Under these facts and circumstances, from the greater weight of the evidence and under the applicable principles, we can reach but one conclusion. We rule that, omitting to use that fairness and full disclosure which the law, our Rule 4.06, good conscience and the fiduciary relationship of attorney and client have ever demanded, the respondents in the matter now before us represented conflicting interests, one of which such interests was the financial interest of respondents. In so doing the respondents violated their legal and ethical duty to their clients which, as attorneys-at-law, they owed to those clients. Respondents are therefore guilty of professional misconduct as charged in Counts I, III and IV of the information. Respondent G.A. Buder is also found and declared to be guilty as charged in Count II of the information. All exceptions filed as to Counts I, II, III and IV are overruled. As hereinabove noted Counts V and VI of the information are hereby dismissed. With the reprimand above noted Count VII of the information is hereby dismissed. *818

It will therefore be the order and judgment of the Court that the separate licenses of the respondents, G.A. Buder and Oscar E. Buder, to practice law in the State of Missouri, shall be suspended for a period of one year from the effective date of the judgment herein and until payment has been made of the costs of this proceeding. It is so ordered. All concur.

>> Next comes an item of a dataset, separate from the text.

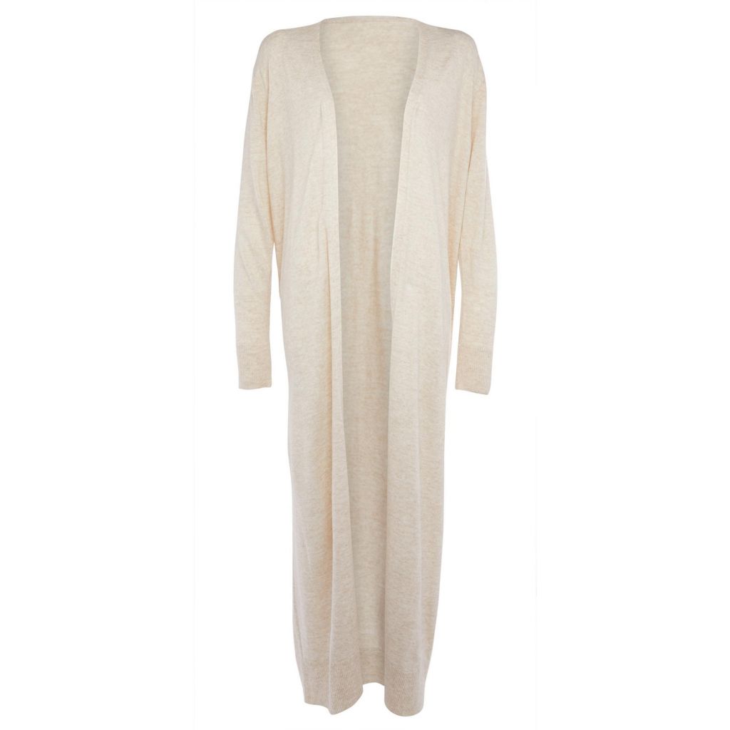 Una de las tendencias básicas de este otoño en ropa de mujer, a la que sin dudar se lanza Primark, es el punto. Sí, por encima de la lana o los sintéticos, el punto vuelve con fuerza para hacerse con chaquetas, vestidos y hasta faldas. En el caso de esta chaqueta de la marca de ropa low cost, además, se une una segunda tendencia: la ropa XL. Y es que lo largo está otra vez de moda, para alegría de sus más ardientes defensores. En esta prenda nos encontramos con una chaqueta de tiro largo, cuello redondo y mangas con remate ajustable, que además no presenta ni botones ni automáticos, por lo que se lleva suelta. Y cuando aprieta el frío, se cruza y hace divina. El tono en crudo aligera los tonos dominantes del otoño, sin alejarse de las tonalidades reinantes.

1 Franz v. Franz, 15 F.2d 797; Franz v. Buder,11 F.2d 854, 34 F.2d 353, 38 F.2d 605; Mississippi Valley Trust Co. v. Buder, 47 F.2d 507; Franz v. Mississippi Valley Trust Co., 51 F.2d 1047; Fiske v. State of Missouri,62 F.2d 150; Wallace v. Franz, 66 F.2d 457, 68 F.2d 313; Fiske v. State of Missouri, 69 F.2d 683; Wallace v. Fiske,80 F.2d 897; Fiske v. Wallace, 117 F.2d 149; In re Franz Estate, 344 Mo. 510, 127 S.W.2d 401; State of Missouri v. Fiske, 290 U.S. 18, 54 S. Ct. 18, 78 L. Ed. 145.






Addendum

Variously denominated motions have been filed by respondents. Each respondent has filed a motion for rehearing and to modify our opinion previously filed. Suggestions in support of the various motions have been filed. Among other things, respondents direct our attention particularly and ask re-examination of the letter dated September 16, 1931, from an officer of Security-First National Bank of Los Angeles and addressed to Mississippi Valley Trust Company of St. Louis. We have re-examined and carefully considered that letter and all the other matters set out in the various motions and in all suggestions filed.

After full and careful consideration there appears no reason whatever why we should extend this opinion with a detailed discussion of the letter mentioned above, or of any of the other matters suggested by respondents. We find nothing which would justify setting aside our judgment or granting a rehearing or modification.

In disposing of the charges of this information we feel that we were lenient with respondents and that we considered the unusual[577] circumstances of the age and length of practice of each respondent

All matters presented having been fully considered, all motions filed to set aside our order and judgment, for rehearing, for new trial and to modify our opinion are denied and overruled. It is so ordered.